Spark Basics: aggregate() Example

18 November 2015

aggregate() Example

Compared to reduce() & fold(), the aggregate() function has the advantage, it can return different Type vis-a-vis the RDD Element Type(ie Input Element type)

Syntax

def aggregate[U](zeroValue: U)(seqOp: (U, T) ⇒ U, combOp: (U, U) ⇒ U)(implicit arg0: ClassTag[U]): U
Aggregate the elements of each partition, and then the results for all the partitions, using given combine functions and a neutral "zero value". This function can return a different result type, U, than the type of this RDD, T. Thus, we need one operation for merging a T into an U and one operation for merging two U's, as in scala.TraversableOnce. Both of these functions are allowed to modify and return their first argument instead of creating a new U to avoid memory allocation.

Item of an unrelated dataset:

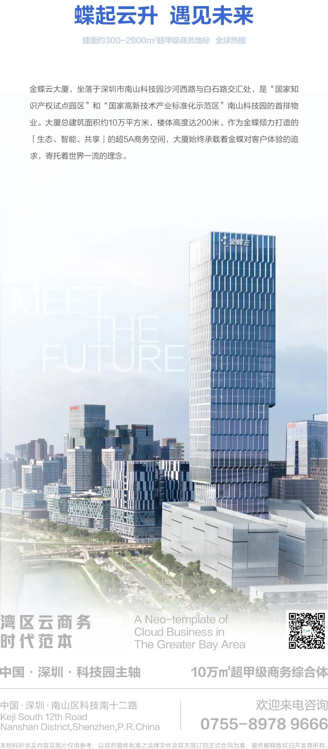 金蝶云大厦作为金蝶集团30周年礼献之作,200米超甲级商务地标全新呈现,以总部级姿态面向世界,具有极强的昭示性。外立面采用钻石切割造型,如湾区天际线上的钻石般熠熠生辉,备受瞩目,为企业赢得树立良好的形象。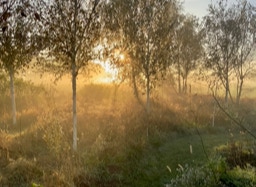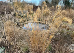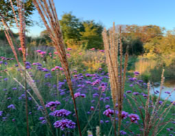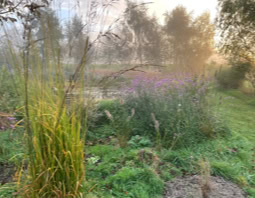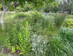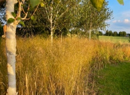 6. Het Berkenbosje: We zijn al in 2014 begonnen met het aanplanten van mooie witte berken, Betula utilis ‘Doorenbos’ achter de vijver. We zochten naar het beeld van berken in hoog wild gras. Dit bleek niet zo makkelijk te realiseren want berken blijken hier notoir lastig aan te planten. Er zijn er dan ook een aantal overleden door engerlingen en droogte. We hebben deze vervangen door kleinere exemplaren en andere soorten en het begint nu ergens op te lijken. Er staat een middenberm van Deschampsia cespiosa, die zich verder mag uitzaaien, aangevuld met Verbena bonariensis. Aan de rand staan een paar Rhododendron luteum, gele Azalea, die door de natte laatste winters ook goed aanslaan. Grenzend aan de vijverzone staat nog de donkerbladige berk Betula ‘Crimson Frost’, wat de twee gebieden mooi verbindt.

In this example, the RDD element type is (String, Int) whereas the return type is Int

Example

scala> val inputrdd = sc.parallelize(
     |    List(
     |       ("maths", 21),
     |       ("english", 22),
     |       ("science", 31)
     |    ),
     |    3
     | )
inputrdd: org.apache.spark.rdd.RDD[(String, Int)] = ParallelCollectionRDD[14] at parallelize at :21

scala> inputrdd.partitions.size
res18: Int = 3

scala> val result = inputrdd.aggregate(3) (
     |    /*
     |     * This is a seqOp for merging T into a U
     |     * ie (String, Int) in  into Int
     |     * (we take (String, Int) in 'value' & return Int)
     |     * Arguments :
     |     * acc   :  Reprsents the accumulated result
     |     * value :  Represents the element in 'inputrdd'
     |     *          In our case this of type (String, Int)
     |     * Return value
     |     * We are returning an Int
     |     */
     |    (acc, value) => (acc + value._2),
     |
     |    /*
     |     * This is a combOp for mergining two U's
     |     * (ie 2 Int)
     |     */
     |    (acc1, acc2) => (acc1 + acc2)
     | )
result: Int = 86

The result is calculated as follows,

Partition 1 : Sum(all Elements) + 3 (Zero value)
Partition 2 : Sum(all Elements) + 3 (Zero value)
Partition 3 : Sum(all Elements) + 3 (Zero value)
Result = Partition1 + Partition2 + Partition3 + 3(Zero value)

So we get 21 + 22 + 31 + (4 * 3) = 86

Reference

Learning Spark : Page 40